His eyes widened, and his arms flew up. He winced when it hit his chest and stumbled back, trying to catch the thing before it fell on his feet. She seized her chance and reached out, blindly scrabbling for the first thing she touched, which proved to be the fax machine. He was lunging at her again, and she spun around, swinging the thing up in a sidewise arc. Bashing it against the side of his head.
“I am so
He blinked stupidly. The sudden silence was startling. He toppled slowly, like a tree, and bore her down beneath him. She hit the wall behind her painfully hard with her sore shoulders, and slid down onto her butt with him on top of her, his head lolling heavily against her neck. A rivulet of blood snaked down his cheekbone.
She lay there for a few moments, shaking and crying, but it was way too soon to start sniveling and falling apart, with Connor lying still and quiet outside and Seth racing towards a cliff with doom in his pocket, thanks to her.
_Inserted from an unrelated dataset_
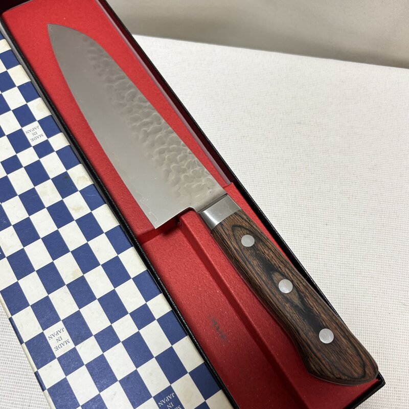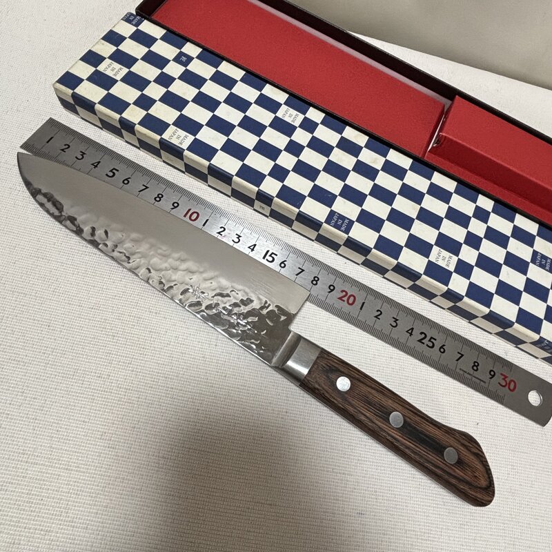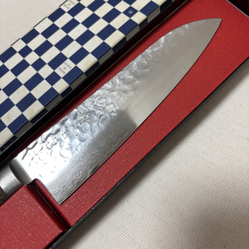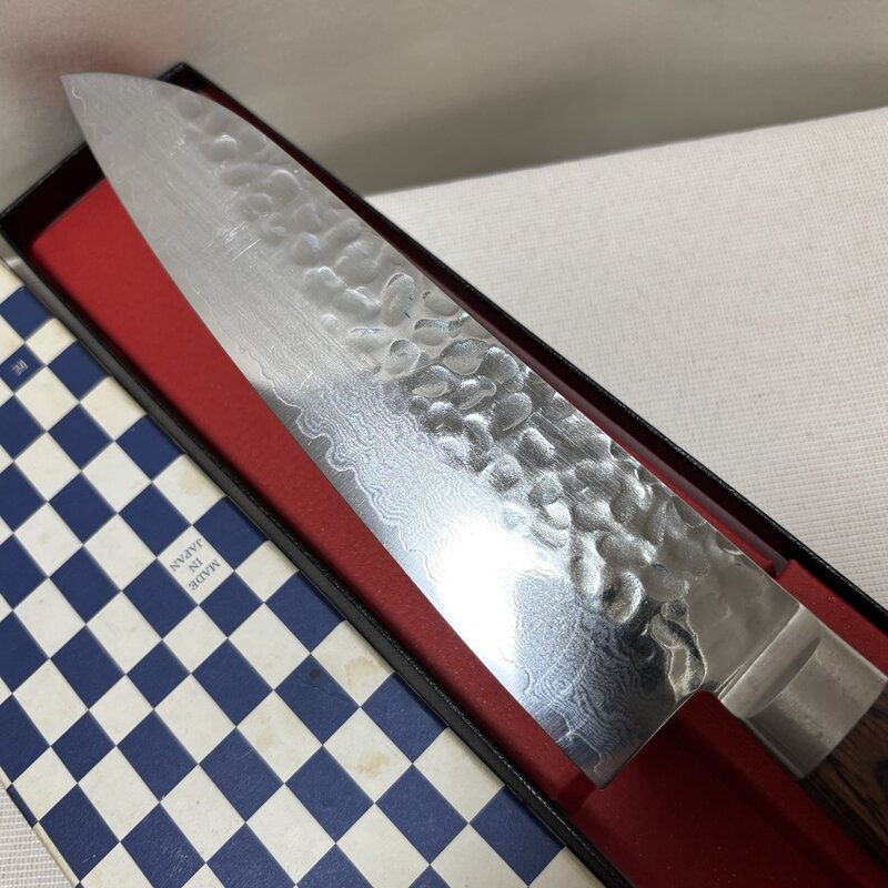 兼元作 箱入 良品 V金10号 鎚目 種属 三徳包丁 ダマスカス 180mm 高級和包丁 職人 IW602DK34KNM60

She heaved and struggled and finally scrambled out from under Ed's dead weight, unwinding herself from the tangle of cords.
She clambered over him, recoiling from the necessity of touching his body. She was shaking so hard, she fell down again, almost onto her face. She noticed, remotely, that her arm was bleeding. Quite a lot, but she couldn't be bothered with it now.
First, Ed's gun. She searched through the rubble on hands and knees, sifting through the clutter with trembling fingers. She found it beneath the desk, a Glock 17. She stuck it into the back of her too-tight jeans. It was cold and hard, and extremely uncomfortable.
She stared down at Ed. He was breathing, and he had a pulse, which meant he could come to and attack her again. Villains always did in thriller movies. She'd better not take any chances.
She grabbed him by the feet and dragged him clear of all the fallen equipment, panting and whimpering with the effort it took to heave him out from behind the desk. She stumbled into the kitchen and rummaged through the drawers for rope, twine, anything.
She found a roll of duct tape, and raced back to the office, strapping his wrists behind his back first, men his ankles. She did his knees for good measure, and then bent his knees back and taped his wrists to his ankles. She ran outside, wondering if she might have overdone it.
Thank God, Connor was already sitting up, touching the side of his head with cautious fingers. She dropped to her knees beside him.
“Are you OK?”
He winced at her loud voice, “What the fuck?”
“Your boss hit you with his gun. Then he attacked me. He was supposed to take me to Novak.”
Connor gave her a dubious sideways look.
“Believe me, I don't have time to make up stories,” Raine snapped. “Come on, I'll help you into the kitchen.”
She retrieved his cane and hooked her arm around his waist, steadying him as he got to his feet. “Ed's in the office
“Ed?” His eyes narrowed.
“We've met,” she explained. “Seventeen years ago, when he killed my dad. And again, in my house last night. He was the first ski mask.”
“Ah,” he murmured, as she pulled the door open for him. “You've been busy while I was napping.”
There was a bag of cotton balls and antiseptic ointment lying on the kitchen table. She grabbed a wad of cotton, dosed it with gel and picked her way into the war-torn office. Connor was staring at Ed.
“You mummified him,” he commented.
Raine parted Connor's shaggy dark blond hair and dabbed at the bloody spot on his skull.
He jerked away. “Ow! I can do that!” He grabbed the wad of cotton. He looked down at Ed, then back at her. “How did you do it?”
She hugged herself, shivering. “I clobbered him with your fax machine,” she admitted.
“I see.”
“He insulted my mother,” she added. As if she needed to justify herself.
“Remind me never to insult your mother,” Connor said.